My Sun Blade 100 hangs when I boot any recent kernel.  I've tried many Debian and Gentoo installation CDs, but every CD made since 2008 or so prints "console [tty0] enabled, bootconsole disabled" and hangs.  I have to use Gentoo's 2007.0 install CD to in order to complete booting and not disable the bootconsole.
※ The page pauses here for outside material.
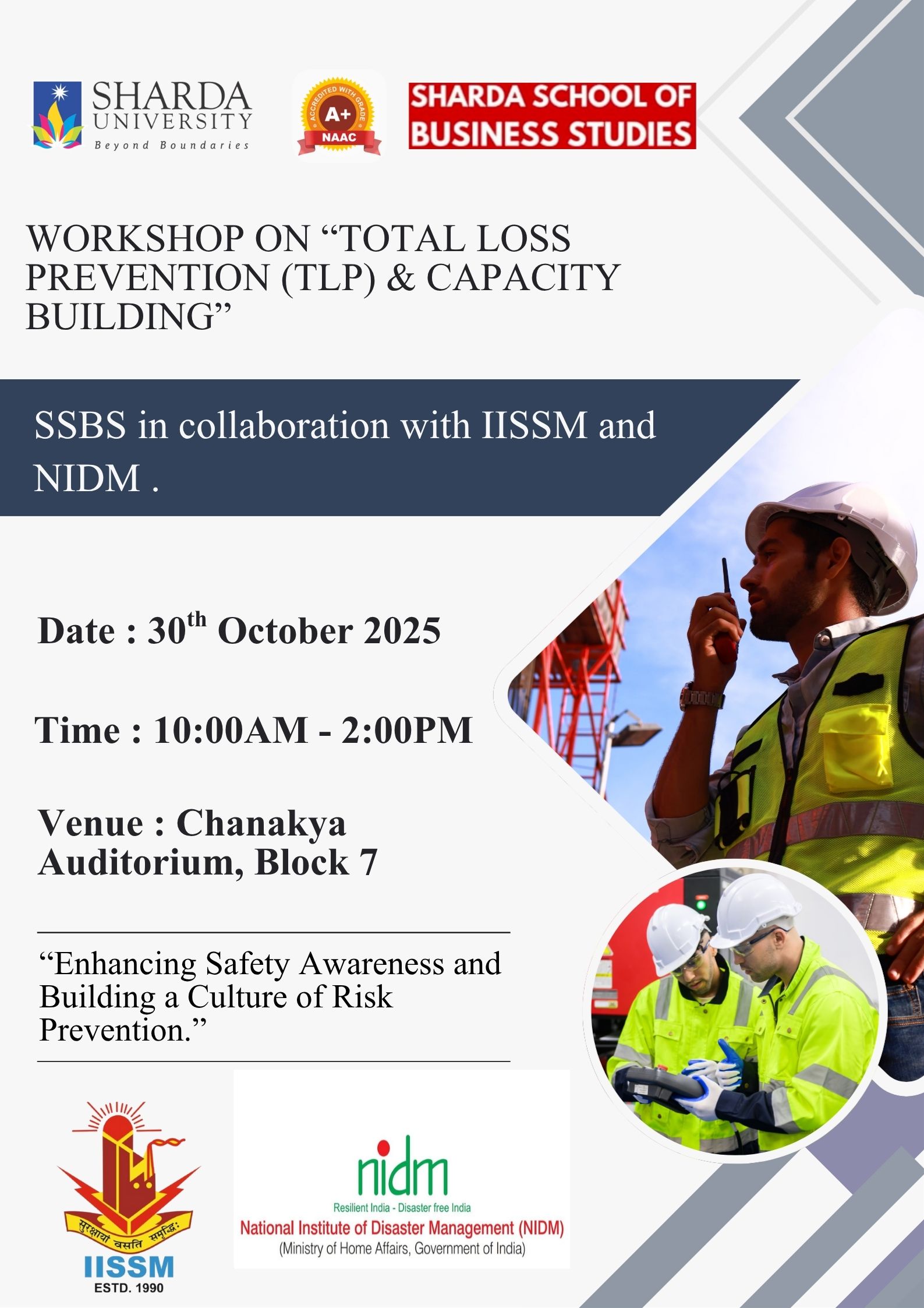 Sharda School of Business Studies, in collaboration with the International Institute of Security and Safety Management (IISSM) and the National Institute of Disaster Management (NIDM), Ministry of Home Affairs, Government of India, is organizing a One-Day Workshop on “Total Loss Prevention (TLP) and Capacity Building.” The workshop aims to enhance awareness, preparedness, and risk prevention competencies among students and faculty members. It focuses on building institutional capacity in line with UGC guidelines, NEP 2020, and the Prime Minister’s National Safety Mandates, empowering participants with essential knowledge on safety management and disaster resilience.

I've built Linux 3.0.3 and tried it with the same results.  When I boot with the "keep_bootcon" kernel parameter I see that Linux is kernel panicking in pci_scan_one_pbm.  I'm attaching three photos of the full kernel panic.
Comment 1 Jim Faulkner 2011-08-21 19:29:41 UTC
Created attachment 69572 [details]
blade 100 kernel panic image 2
Comment 2 Jim Faulkner 2011-08-21 19:30:21 UTC
Created attachment 69582 [details]
blade 100 kernel panic image 3
Comment 3 Jim Faulkner 2011-08-21 23:08:41 UTC
Created attachment 69592 [details]
My .config
Comment 4 Andrew Morton 2011-08-22 22:04:17 UTC
I'm not sure that any sparc maintainers follow bugzilla.  You'll probably have better luck using the sparclinux@vger.kernel.org mailing list.
Comment 5 Jim Faulkner 2011-08-24 19:40:23 UTC
Created attachment 70002 [details]
kernel panic w/ boot_delay image 1
Comment 6 Jim Faulkner 2011-08-24 19:40:59 UTC
Created attachment 70012 [details]
kernel panic w/ boot_delay image 2
Comment 7 Jim Faulkner 2011-08-24 19:42:39 UTC
Created attachment 70042 [details]
kernel panic w/ boot_delay image 3
Comment 8 Jim Faulkner 2011-08-24 19:43:27 UTC
Created attachment 70062 [details]
kernel panic w/ boot_delay image 4
Comment 9 Jim Faulkner 2011-08-24 19:44:10 UTC
Created attachment 70082 [details]
kernel panic w/ boot_delay image 5
Comment 10 Jim Faulkner 2011-08-24 19:44:26 UTC
Created attachment 70092 [details]
kernel panic w/ boot_delay image 6
Comment 11 Jim Faulkner 2011-08-24 19:45:12 UTC
Created attachment 70102 [details]
kernel panic w/ boot_delay image 7
Comment 12 Jim Faulkner 2011-08-24 19:45:36 UTC
Created attachment 70112 [details]
kernel panic w/ boot_delay image 8
Comment 13 Jim Faulkner 2011-08-25 17:28:55 UTC
Created attachment 70212 [details]
updated .config
Comment 14 Jim Faulkner 2011-09-02 01:12:55 UTC
On Wed, Aug 31, 2011 at 03:59:56PM -0400, David Miller wrote:
>
> There is a non-trivial problem with the device tree reported by your
> firmware, several PCI device nodes are reported multiple times.
>
> If you'll look 'isa' appears twice, and so does 'pmu'.
>
> This is a very serious issue.
>
> And that's what is causing all of these boot failures.
>
> I have two theories, either the Tulip card makes the firmware corrupt
> the device tree like this.  Or, alternatively, there is some bug in
> the version of OBP installed on this machine.
>
> This really isn't a kernel bug.  And if it worked in the past, it worked
> entirely by accident.

Thanks so much for the info!  I finally have 3.0.3 booting normally.
First thing I did was update to the latest firmware, 4.17.1, which can
be found at http://ftp.sunet.se (the readme is here:
http://ftp.sunet.se/pub/security/vendor/sun/patches/all_unsigned/119235-01.README).
This was a bit of a chore because neither the SILO nor the Solaris
loader wanted to boot the firmware update.  I had to setup a tftp
netboot server in order to patch the firmware.

But, that didn't fix the problem.

Next, I yanked the tulip card.  That didn't fix the problem either.

Finally, I reset nvram by typing this at openprom's "ok" prompt:
set-defaults

A reset-all and... it works!  I can boot 3.0.3!